The latter versions look pretty heavy while I can see the wicker being light enough to move with little effort.


----------



## DJF (Apr 20, 2018)

bump


----------



## bicicletas (Apr 22, 2018)

If I was looking for a wicker side-car, I would probably fab one using one of these as a starting point:

https://www.ebay.com/itm/1840s-70s-...082009?hash=item41d7019f59:g:m6QAAOSwFyhZ~Nbb
https://www.ebay.com/itm/VINTAGE-AN...535828?hash=item2cc704b654:g:rDYAAOSwjvJZOXR7
https://www.ebay.com/itm/Antique-Wh...042194?hash=item441b7e5c92:g:BzAAAOSwRr5Ztcrg
Ect.


----------



## DJF (Apr 22, 2018)

bicicletas said:


> If I was looking for a wicker side-car, I would probably fab one using one of these as a starting point:
> 
> https://www.ebay.com/itm/1840s-70s-...082009?hash=item41d7019f59:g:m6QAAOSwFyhZ~Nbb
> https://www.ebay.com/itm/VINTAGE-AN...535828?hash=item2cc704b654:g:rDYAAOSwjvJZOXR7
> ...



That is an excellent observation, it is true almost if not all wicker sidecars were built by convelesent chair companies mainly in Britian, however it is only certain frames that were used.

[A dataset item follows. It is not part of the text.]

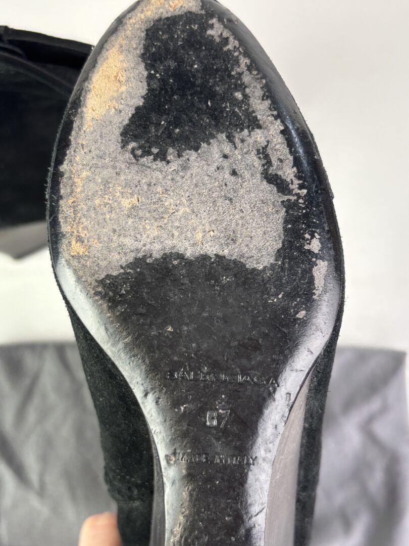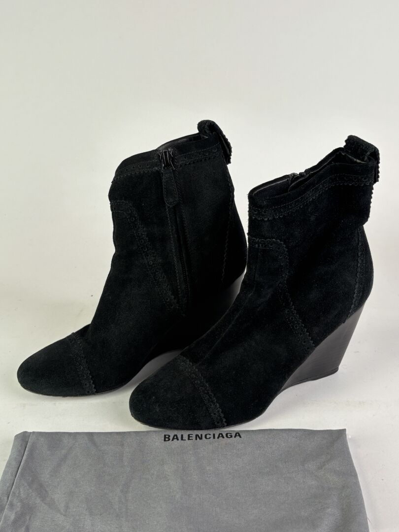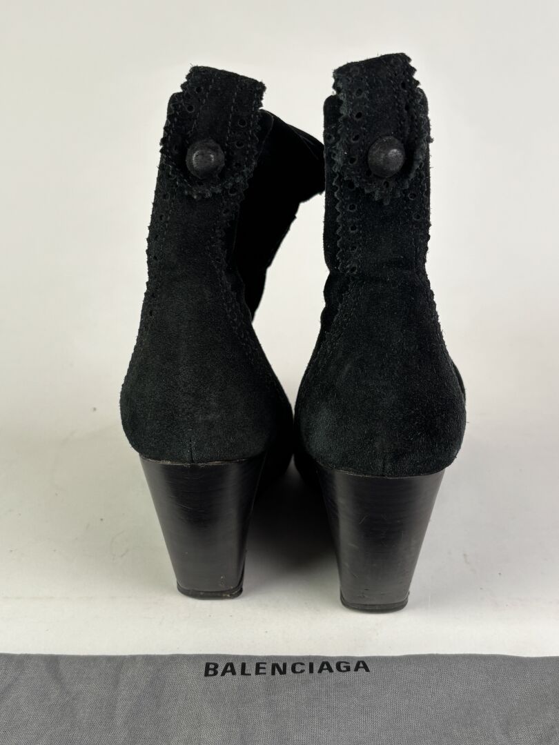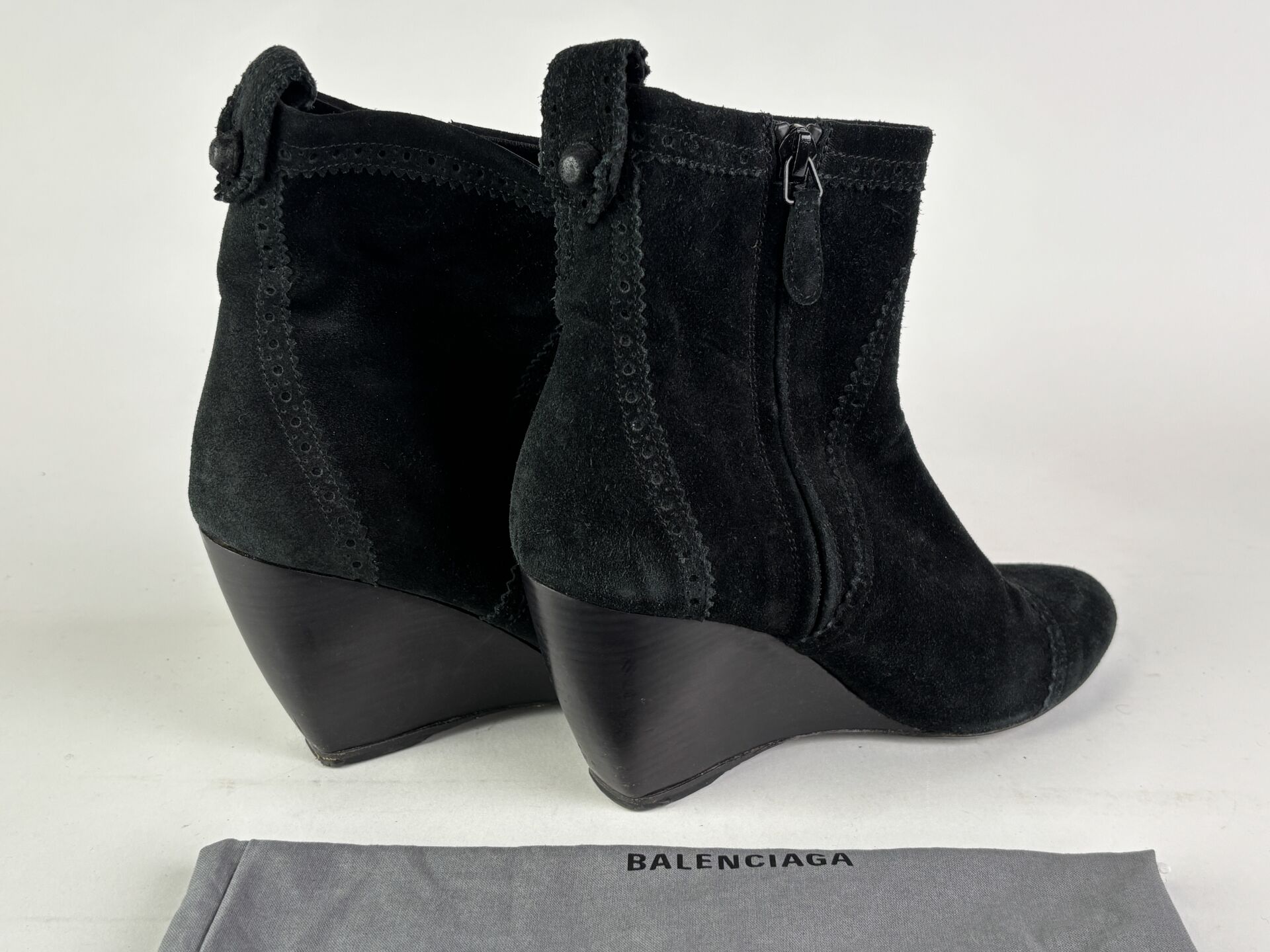BALENCIAGA - Paire de bottines montantes en daim noir, talons compensés, fermeture latérale. Pointure 37 - Haut. du talon : 7,5 cm Bon état général

I have a saved search on eBay and other places for one such kind to come across but none have so far.

I was asking here as I would rather start with an original than try to create a best guess one, but I am still looking from both directions.


----------



## DJF (Sep 12, 2019)

anyone got new information on any old wicker or other bicycle sidecars?

Would love to see some of those "popular mechanics" or the like "frame plans".


----------



## DJF (Mar 15, 2020)

Still need a light wicker sidecar.


----------